Here’s to happy village building

Keira

About me

As a mummy of two beautiful little boys, I have realised that the definition of motherhood, as well as the landscape we parent within, has rapidly changed.

We all have very unique challenges facing us as parents and I feel inclusive, open discussion is a beautiful way to share the knowledge we have and support each other on this journey.

I believe mothers are an invaluable, but often under represented part of our society, which is why I enjoy writing in this area so much.
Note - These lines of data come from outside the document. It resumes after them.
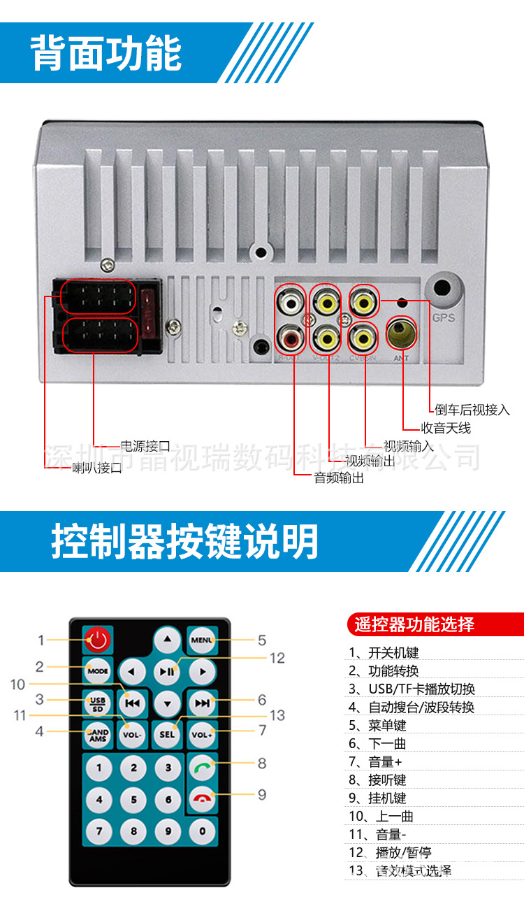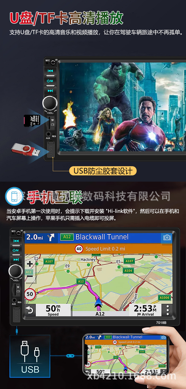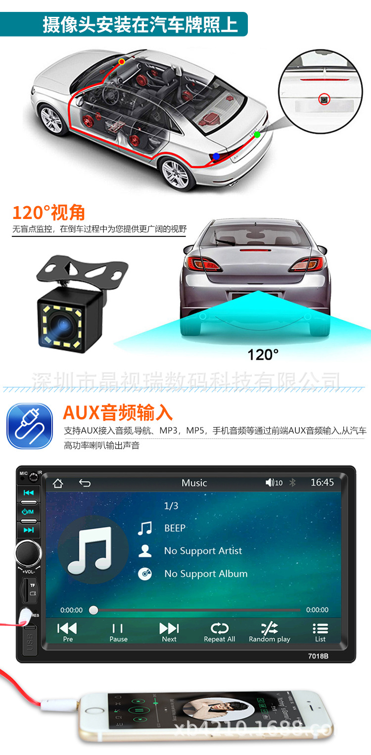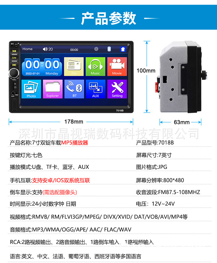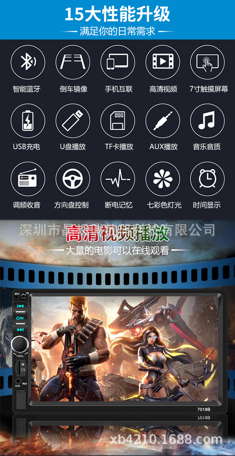 7-дюймовый автомобильный короткий двухшпиндельный MP4MP5-плеер Bluetooth-карта FM-соединение мобильного телефона реверсивное отображение изображения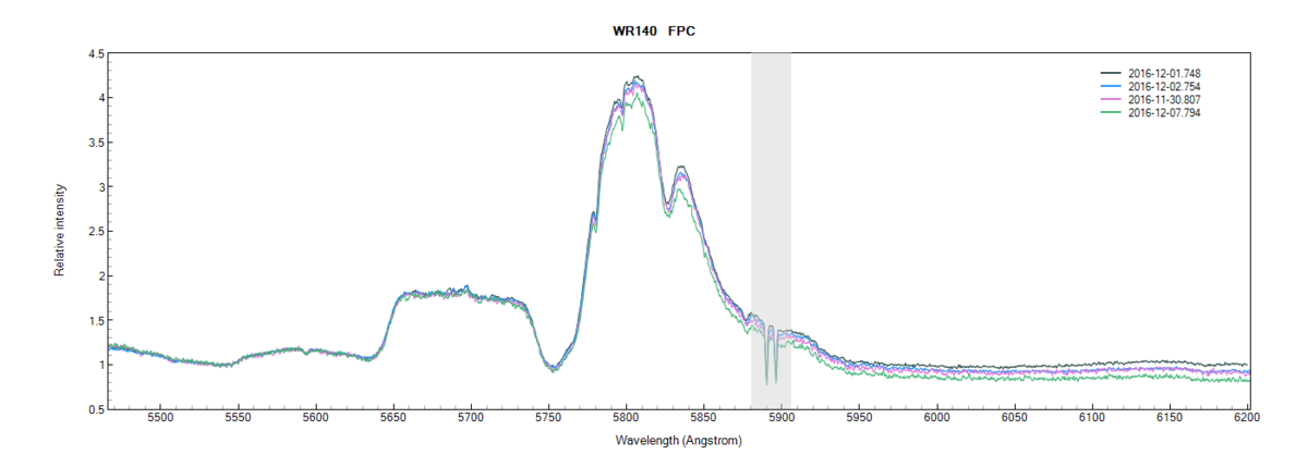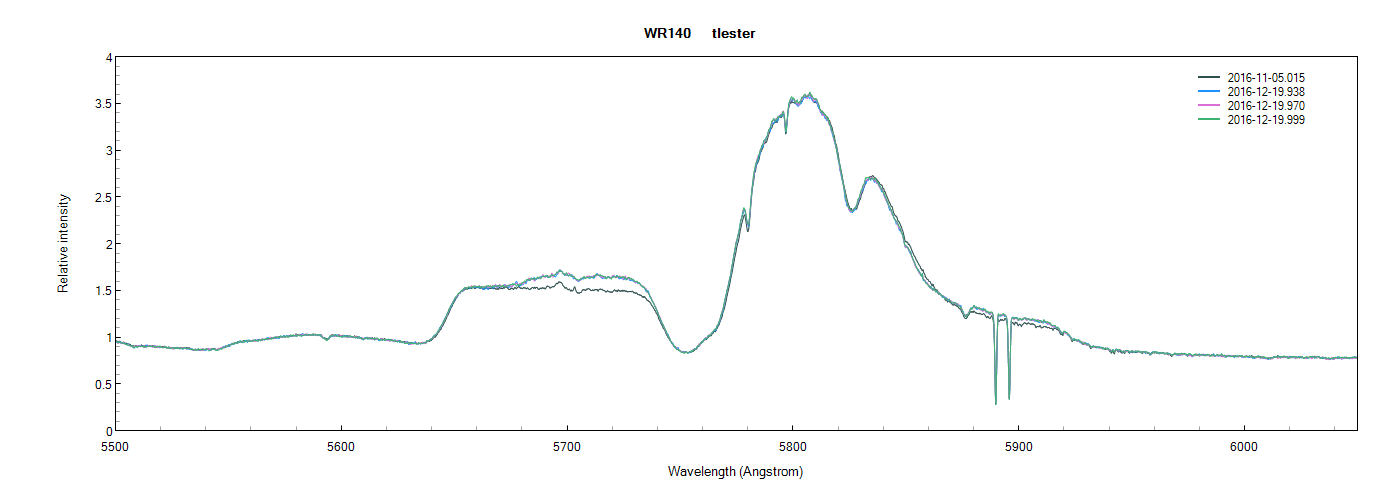 Some comparisons between 4 spectra taken in december: 3 before the periastron, 1 after (the 25th) with an eshel spectrograph.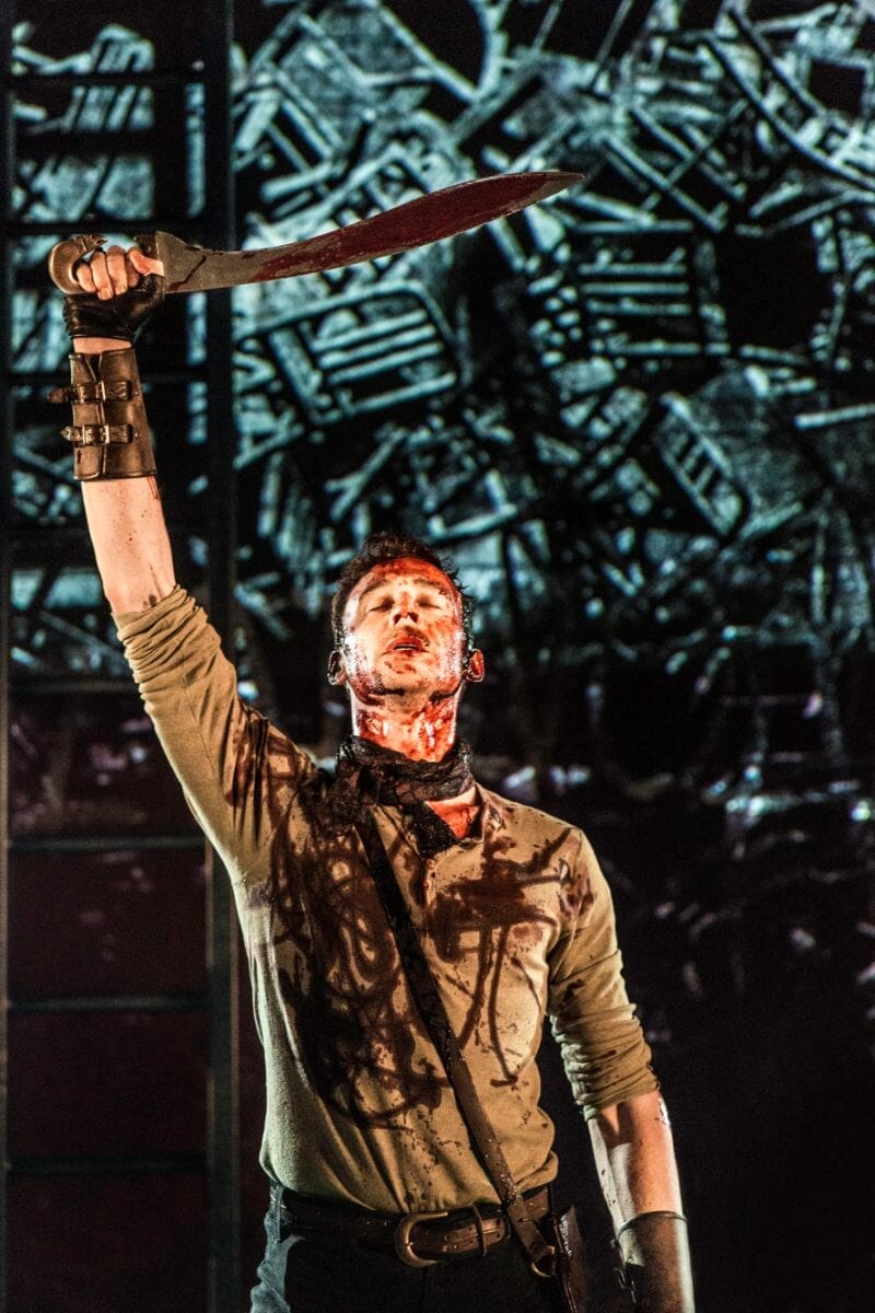 Red cascades down on general Gaius Marcius Coriolanus at every turn. Within his first few moments onstage, his own blood is crusted into his short, cropped hair, and it drips down his face. When that is finally gone, rose petals float down around him and his adoring fans after the heat of battle has cooled and he has returned home victorious. And even as the petals linger, red tickets, signifying which of his fans and critics may speak to him, like modern backstage passes, litter the floor. The piles of these passes grow thicker and thicker until he is exiled from Rome. Later, in his final moments, life leading into death, once again, his own blood drips onto his head—trickling down his chest, throat and slack lips—as he is hung upside down and gutted like an animal.
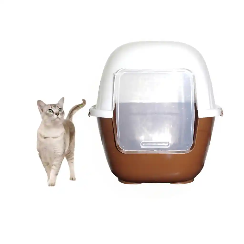 Bienvenido somos Hally Pets tu mejor aliado para el cuidado de tu hijo Perruno y/o Gatuno. Baño Arenero Grande para gatos Este tipo de baño iglu es ideal para que sus gatos entre a hacer sus necesidades de manera fácil, al ser un baño cerrado retiene gran parte del olor, tiene una puerta amplia para que el gato pueda entrar y salir sin ningún problema, tiene un amplio espacio interior Al momento de la limpieza se deben retirar los seguros para retirar la arena. Etapa : Cachorros y Adultos Material : Plástico Tamaño del Baño Profundidad: 51 Cm Alto: 44 Cm Ancho 42 Cm Tiene Manija Cuatro seguros Tamaño de la Puerta Ancho: 22 Cm Alto: 22 Cm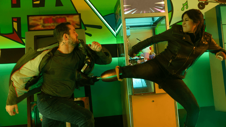 Najnowszy tytuł osadzony w MCU obfituje w świetne sceny akcji, które robią tym większe wrażenie, gdy przypominamy sobie, że Maya jest nie tylko głuchoniema, ale także amputowano jej w dzieciństwie część nogi. Mimo tego widzimy bohaterkę, wyczyniającą niesamowite rzeczy na ekranie. Jest to uzasadnione niezwykłym wysiłkiem i przebytymi w młodości treningami, dzięki którym stała się zabójczą bronią.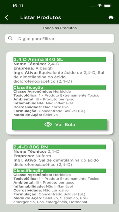 Bulário de Defensivos Agrícolas que funciona sem a necessidade de conexão com a internet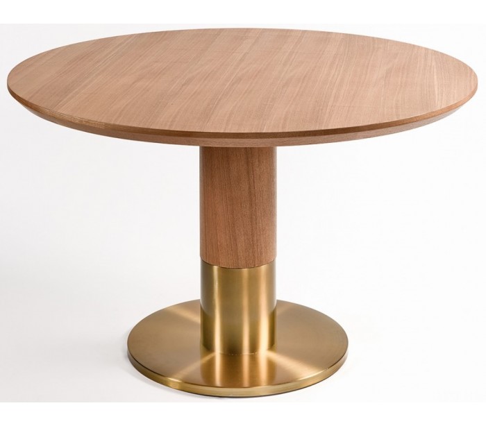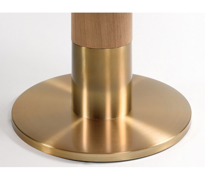 Rundt spisebord udført i et moderne design i ask træ og guldfarvet metal. Spisebordet måler 120 cm i diameter og 76 cm i højden.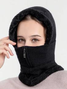 Gorro De Punto Para Mujeres Con Solapas Para Las Orejas, Gorro Tejido De Invierno Engrosado Y Forrado Con Cuello De Abrigo Incluido
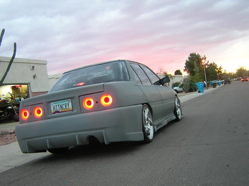 Shaved handels, Custom fitted bodykit, clear corners, green(now grey) primer. frenched R32 skyline Taillights. started 04' silverado headlight conversion.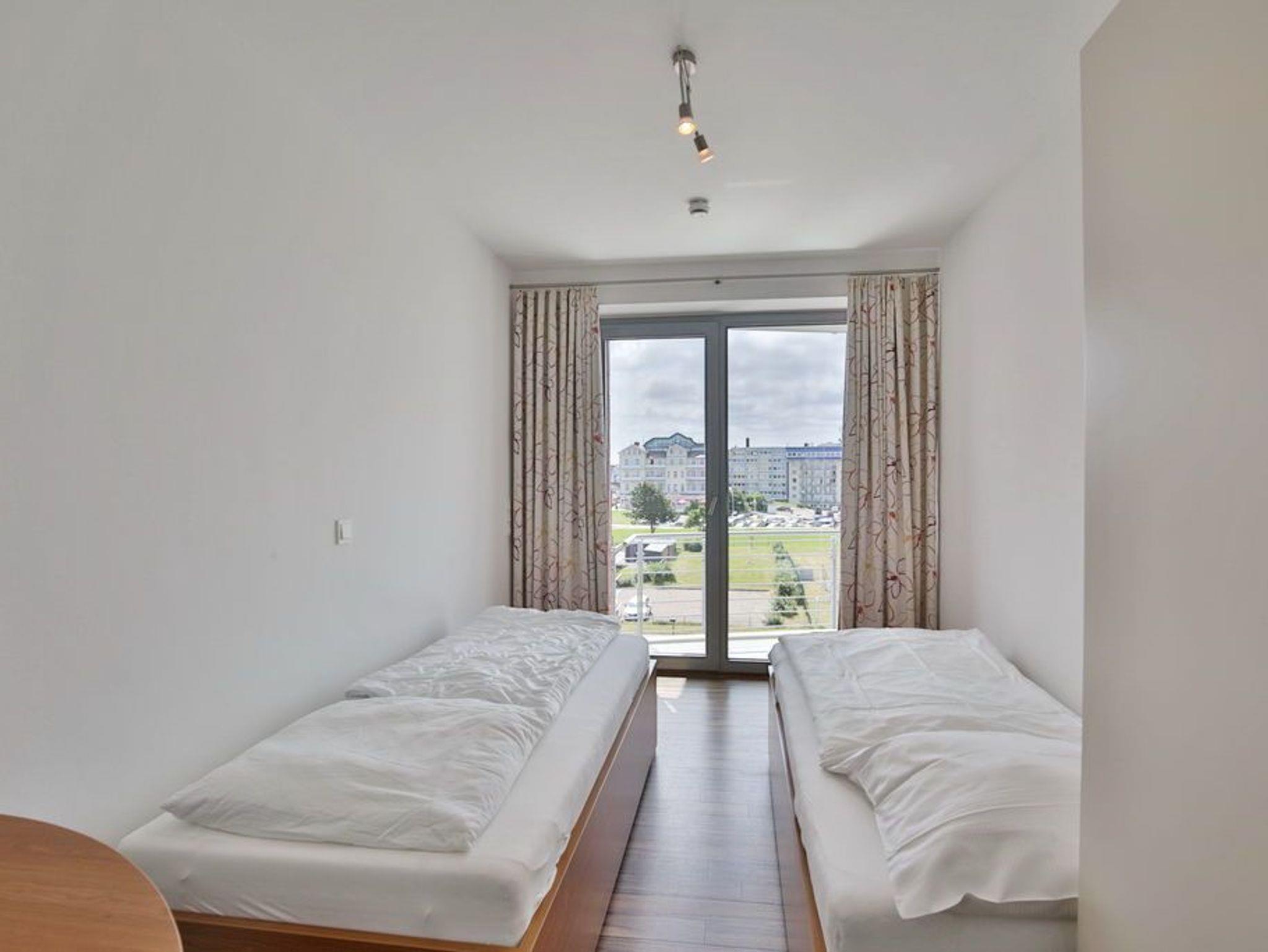 102m² Wohnung in der 3.Etage. Hier haben Sie die Traumseesicht auf den Weltschifffahrtsweg und Yachthafen. 1 Schlafzimmer mit Doppelbett, 1 Schlafzimmer mit 2 Einzelbetten, beide Schlafzimmer mit Rollladen, 1 Bad/Du/Wc und 1 Gäste-Wc, großes Wohnzimmer mit komplett ausgestatteter Küchenzeile, 2 große Balkone (nord+süd). Zur Wohnung gehört ein reservierter Pkw-Stellplatz am Haus. Nichtraucher, keine Haustiere erlaubt. Fahrräder können auch bequem und sicher im ebenerdigen Fahrradraum des Nachbargebäudes abstellt werden (separater Schlüssel).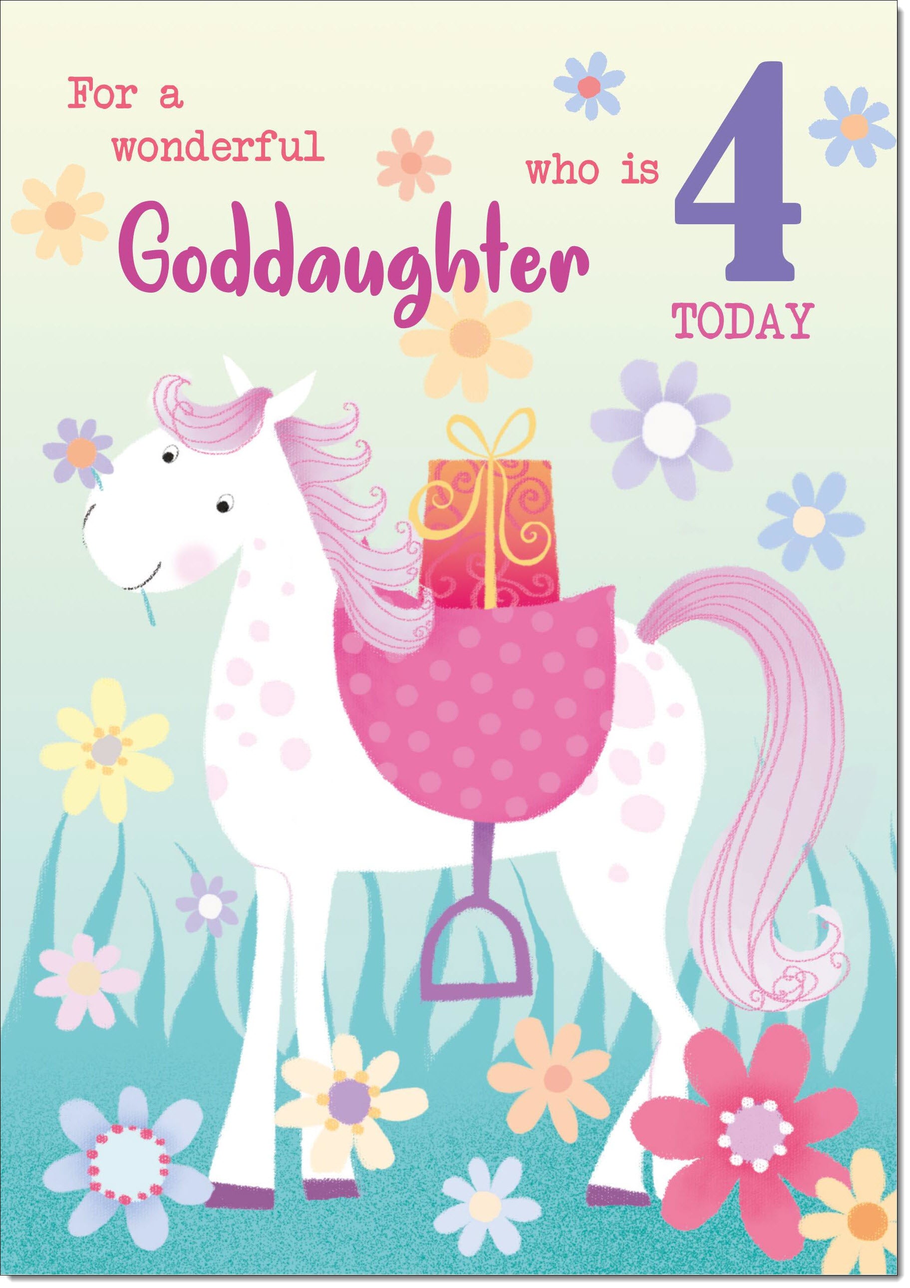 Goddaughter 4th Birthday Card Age 4 Colouring Unicorn Horse

Posted in:  Sisterhood Stories

2 Replies

Auriana Jensen

I couldn't agree more! Parenting is hard, single parenting harder and parenting without support the toughest of them all. When I became a single mother I was scared how I would cope but with the support of my family, friends and neighbors I am actually coping better!! So many people are in the same boat and we can help each other. When you have had a tough week grab a friend with similar ages kids and head to a park, beach, grab a coffee/wine and chat while kids play. Just talking to parents in similar situations has helped me (cope mentally and put plans into action how do resolve difficult situations).

Loretta

When I reflect on mums I know who are doing/have done it tough, I am humbled and amazed by the strength of the human spirit. There are a lot of amazing mums doing their best, despite the fact they have no real help or support. My mum was one such example and I will be eternally grateful for everything she did for me. I agree with you about the lack of village style parenting, it does need to change. Hopefully by spreading awareness we can bring it back into our culture for good! It sounds like your situation isn't an easy one. It's great that you are communicating and building awareness of the issue.